The 1 AM feeding is when it dawned on me. Adeline had fallen asleep, laying in a milk stupor with her eyelids fluttering and a smile flickering on her face. People told us she was a pretty baby. “Thanks,” I’d jokingly reply, “We tried.” Of course, as her mother, I thought she was the prettiest thing in the world. As I looked at her in the dark, I hoped she’d never leverage her beauty – but that she’d never doubt it, either. And that’s when I realized – I’m the one teaching her that balance.

I refused to accept my body out of fear I’d stray into apathy, but that message doesn’t translate to innocent eyes and ears. The message my girl would inevitably hear would be one of never good enough: the same message Cosmo trumpets from the grocery aisle with touched-up pictures and half-naked models. My acceptance would prove that beauty cannot be defined by one standard, but that it changes with time and season; that it flourishes through life’s change and experience and is best appreciated by those who’ve experienced those changes with you – even the changes that scar.

I was reminded of an article I had written months before, a post I’d hoped would reach young women with that same message of acceptance I was struggling to reconcile:

“You are Woman: the final touch, the crowning glory, the magnum opus of Creation.

“Glory” is another word for “beauty” in the Greek. Your beauty, dear girl, and mine – it’s a small mirror of the glory of an Almighty God.
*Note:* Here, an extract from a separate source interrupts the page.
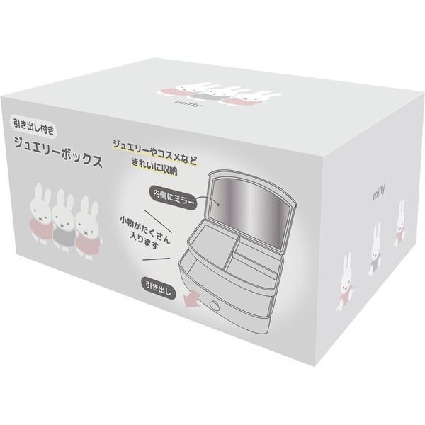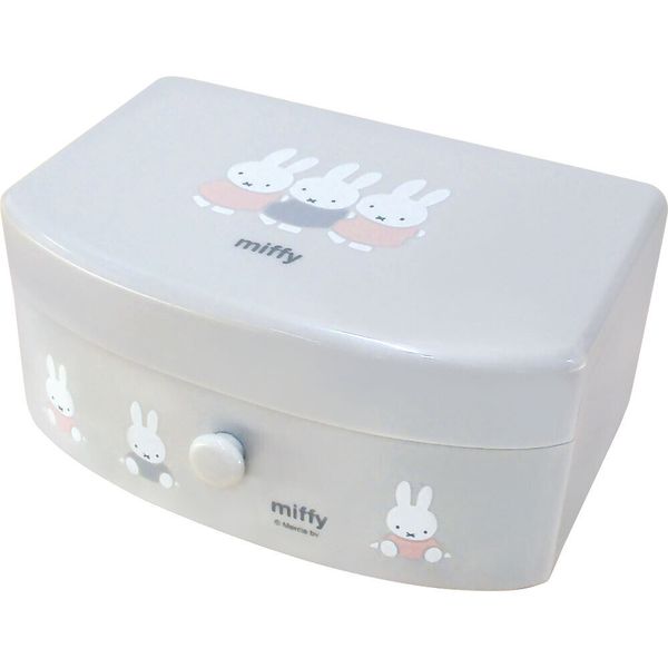 MIFFY 米菲 日版 塑膠 開合 首飾盒 飾物盒 抽屜盒 鏡櫃 化妝鏡 收納盒 置物盒 儲物盒 2022年款 米菲兔 (灰) 【平行進口】

God covered that glory in the garden to preserve its magnitude; to shield its power… [the world will say that you] lack self-confidence if you cover up your cleavage or your midriff or your thighs. It will speak to the nagging part of you. It will tempt you to disbelieve your value as an image-bearer of God. 

But the covering is our grace and our glory.  It is not our shame. It is evidence of confidence: a confidence so strong, so inner, so grounded in something outside itself it transcends anything the culture can offer.”

The next morning I looked in the mirror and I smiled. Yes, it looked like Shere Khan had taken a swipe at my lower abs. Yes, I had spots on my legs that rivaled all 101 Dalmatians. And though I’d lost all my baby weight it had left me looking a bit like deflated balloon. This body was, and is, new to me, but it’s a new kind of beauty. It’s the same me – my same classic self that wears red lipstick and still favors a nice blazer and heels – but it’s been refined by change and experience; the greatest experience of my life. My body gave life to another body, and I want that little girl I to whom I gave birth to know she’s not just skin to be preserved at all costs, like some kind of taxidermied animal – she’s an image-bearer of God.

So in white t-shirts and workout clothes and red lipstick I have a redefined beauty that fits the stage of life I’ve entered in. Someday she’ll watch me and learn that the mirror is not a measure of a woman’s value because our value is pre-determined, and life only cements that value deep in our souls as we accept the changes and let the scars act as testimony to the experiences we’ve had. Our bodies are marked as our souls are stretched, expanded to love in ways we never knew we were capable of loving.

So I’ve got stretch marks, body and soul.  But haven’t you heard? Stretch marks are the new black.